WORK REQUIRED ::
Give again, unaltered, the lines of the listing below that run from the line having "it is a sunny" through the line having "The statistical inference".

INFORMATION SHOWN ::
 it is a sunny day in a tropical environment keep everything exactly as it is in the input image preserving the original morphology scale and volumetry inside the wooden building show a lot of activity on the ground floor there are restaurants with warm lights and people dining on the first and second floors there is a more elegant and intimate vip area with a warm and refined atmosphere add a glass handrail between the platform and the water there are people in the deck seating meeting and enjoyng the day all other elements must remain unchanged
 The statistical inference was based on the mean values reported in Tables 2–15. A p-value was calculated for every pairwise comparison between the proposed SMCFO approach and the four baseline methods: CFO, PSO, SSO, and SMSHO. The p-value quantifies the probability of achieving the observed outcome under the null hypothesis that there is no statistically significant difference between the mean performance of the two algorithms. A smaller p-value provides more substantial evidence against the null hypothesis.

--

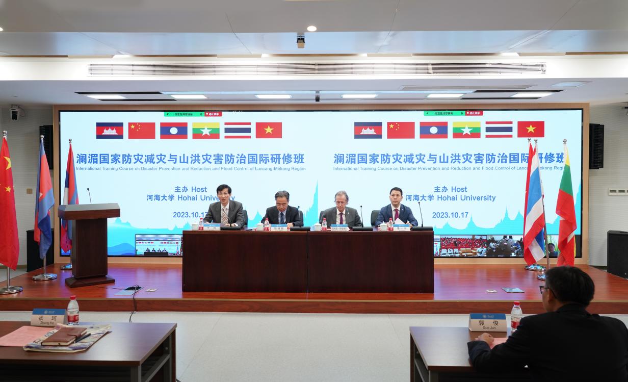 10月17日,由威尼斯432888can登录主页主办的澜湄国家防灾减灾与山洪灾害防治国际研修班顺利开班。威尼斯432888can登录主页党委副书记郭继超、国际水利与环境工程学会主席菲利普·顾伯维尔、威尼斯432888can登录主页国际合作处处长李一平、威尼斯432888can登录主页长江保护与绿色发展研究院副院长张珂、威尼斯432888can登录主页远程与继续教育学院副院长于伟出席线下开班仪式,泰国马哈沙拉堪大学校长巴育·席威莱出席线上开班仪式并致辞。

YOUR SOLUTION ::
 it is a sunny day in a tropical environment keep everything exactly as it is in the input image preserving the original morphology scale and volumetry inside the wooden building show a lot of activity on the ground floor there are restaurants with warm lights and people dining on the first and second floors there is a more elegant and intimate vip area with a warm and refined atmosphere add a glass handrail between the platform and the water there are people in the deck seating meeting and enjoyng the day all other elements must remain unchanged
 The statistical inference was based on the mean values reported in Tables 2–15. A p-value was calculated for every pairwise comparison between the proposed SMCFO approach and the four baseline methods: CFO, PSO, SSO, and SMSHO. The p-value quantifies the probability of achieving the observed outcome under the null hypothesis that there is no statistically significant difference between the mean performance of the two algorithms. A smaller p-value provides more substantial evidence against the null hypothesis.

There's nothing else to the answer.